**TASK ITEM:**
Using the records below, write out only the lines from the line containing "Для пошива белых" up to and including the line containing "能勢電鉄では、山下~妙見口駅", exactly, with no pictures.
------------------------------
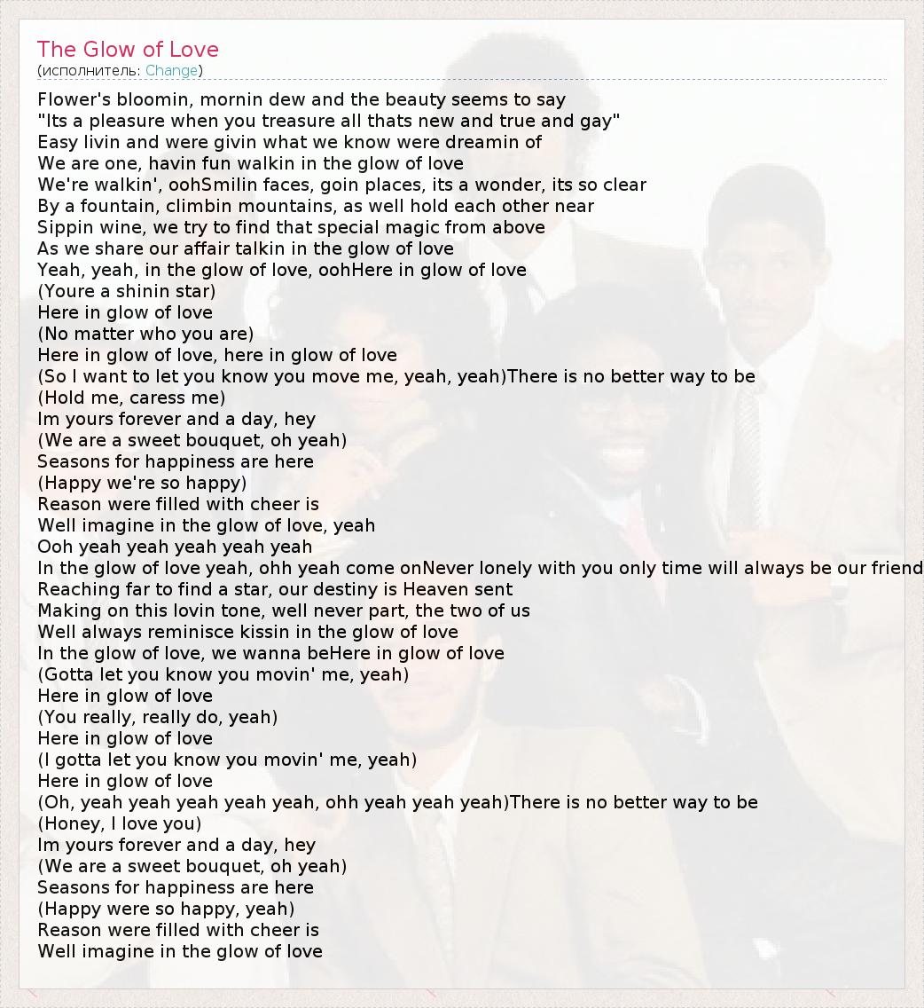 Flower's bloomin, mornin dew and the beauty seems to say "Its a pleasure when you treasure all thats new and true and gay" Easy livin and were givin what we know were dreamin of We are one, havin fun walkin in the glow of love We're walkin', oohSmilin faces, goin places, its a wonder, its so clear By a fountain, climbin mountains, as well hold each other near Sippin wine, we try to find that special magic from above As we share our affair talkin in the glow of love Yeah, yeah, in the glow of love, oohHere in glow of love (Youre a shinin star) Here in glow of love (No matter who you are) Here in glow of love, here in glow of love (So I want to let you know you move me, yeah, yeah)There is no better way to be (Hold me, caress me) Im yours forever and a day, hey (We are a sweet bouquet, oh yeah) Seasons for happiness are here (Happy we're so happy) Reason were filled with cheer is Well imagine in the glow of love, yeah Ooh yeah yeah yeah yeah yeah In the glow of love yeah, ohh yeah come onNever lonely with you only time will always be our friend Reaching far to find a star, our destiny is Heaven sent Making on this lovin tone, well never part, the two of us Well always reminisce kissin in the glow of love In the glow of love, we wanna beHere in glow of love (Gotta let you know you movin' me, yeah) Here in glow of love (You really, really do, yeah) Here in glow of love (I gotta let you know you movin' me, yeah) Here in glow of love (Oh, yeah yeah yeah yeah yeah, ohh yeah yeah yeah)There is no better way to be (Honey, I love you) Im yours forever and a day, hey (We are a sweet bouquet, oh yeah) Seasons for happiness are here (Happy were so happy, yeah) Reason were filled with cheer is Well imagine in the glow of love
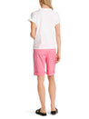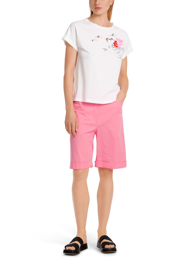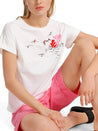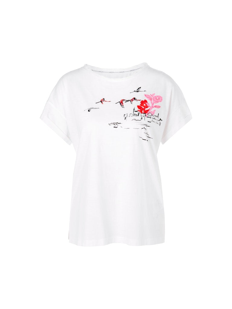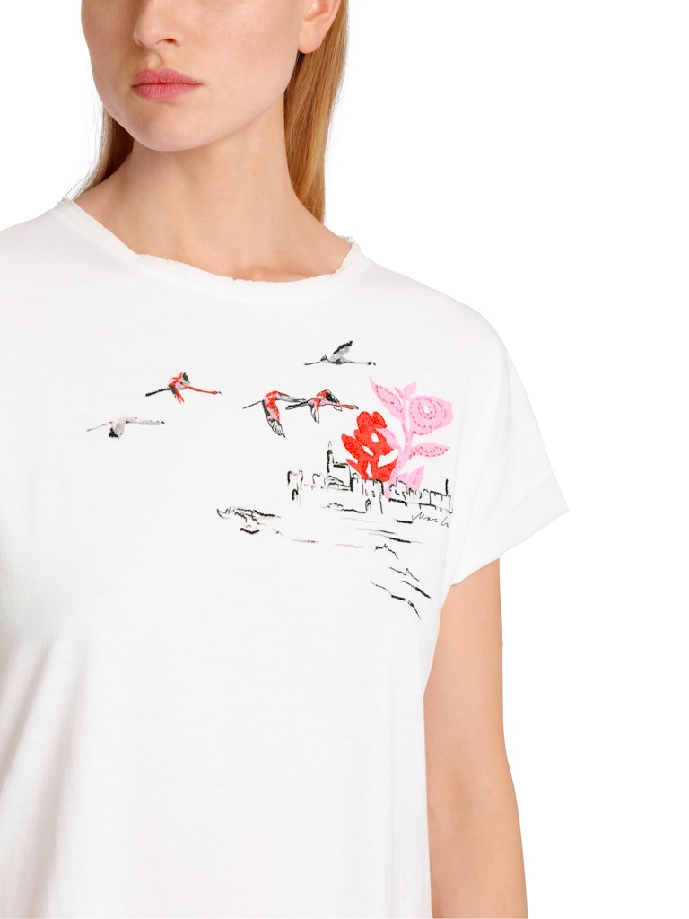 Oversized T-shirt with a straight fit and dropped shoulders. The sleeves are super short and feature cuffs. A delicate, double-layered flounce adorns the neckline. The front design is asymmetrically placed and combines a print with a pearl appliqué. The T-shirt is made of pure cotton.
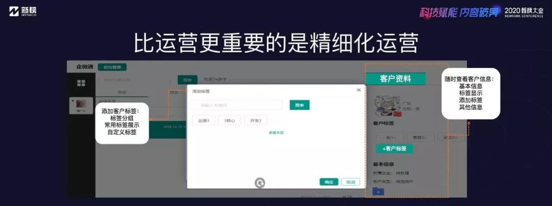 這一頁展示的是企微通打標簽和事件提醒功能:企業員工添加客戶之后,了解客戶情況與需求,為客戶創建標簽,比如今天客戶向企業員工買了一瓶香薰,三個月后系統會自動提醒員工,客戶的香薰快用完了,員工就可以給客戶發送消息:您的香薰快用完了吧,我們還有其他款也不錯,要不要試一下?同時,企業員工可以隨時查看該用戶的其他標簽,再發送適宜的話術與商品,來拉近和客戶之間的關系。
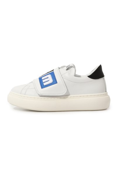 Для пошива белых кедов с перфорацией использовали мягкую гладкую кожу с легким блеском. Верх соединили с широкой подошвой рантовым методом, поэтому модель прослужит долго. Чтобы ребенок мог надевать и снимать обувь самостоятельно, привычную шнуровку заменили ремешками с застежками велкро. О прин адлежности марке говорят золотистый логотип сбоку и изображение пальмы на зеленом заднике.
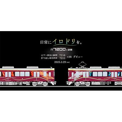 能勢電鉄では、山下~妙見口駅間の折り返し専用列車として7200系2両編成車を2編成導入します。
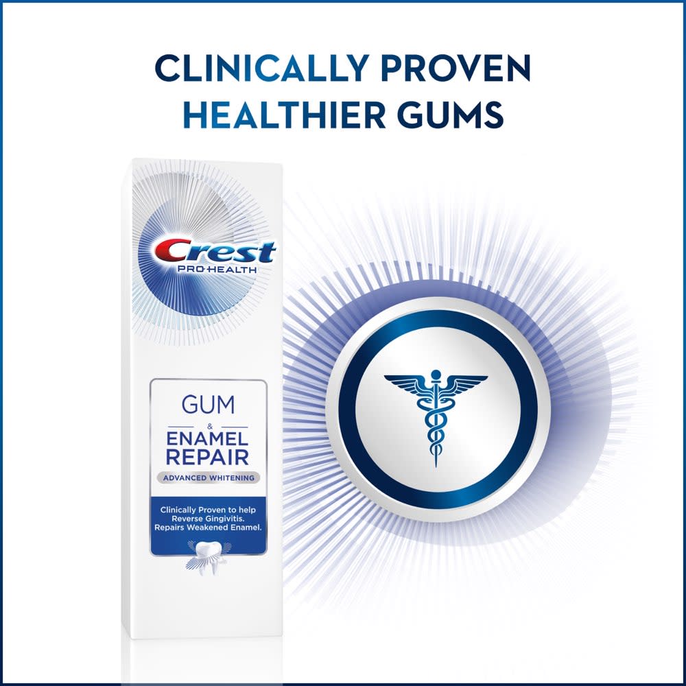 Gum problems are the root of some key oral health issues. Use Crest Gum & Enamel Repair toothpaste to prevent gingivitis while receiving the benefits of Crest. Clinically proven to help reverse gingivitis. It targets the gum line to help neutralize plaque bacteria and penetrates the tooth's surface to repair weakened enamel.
------------------------------
**RESPONSE:**
 Для пошива белых кедов с перфорацией использовали мягкую гладкую кожу с легким блеском. Верх соединили с широкой подошвой рантовым методом, поэтому модель прослужит долго. Чтобы ребенок мог надевать и снимать обувь самостоятельно, привычную шнуровку заменили ремешками с застежками велкро. О прин адлежности марке говорят золотистый логотип сбоку и изображение пальмы на зеленом заднике.
 能勢電鉄では、山下~妙見口駅間の折り返し専用列車として7200系2両編成車を2編成導入します。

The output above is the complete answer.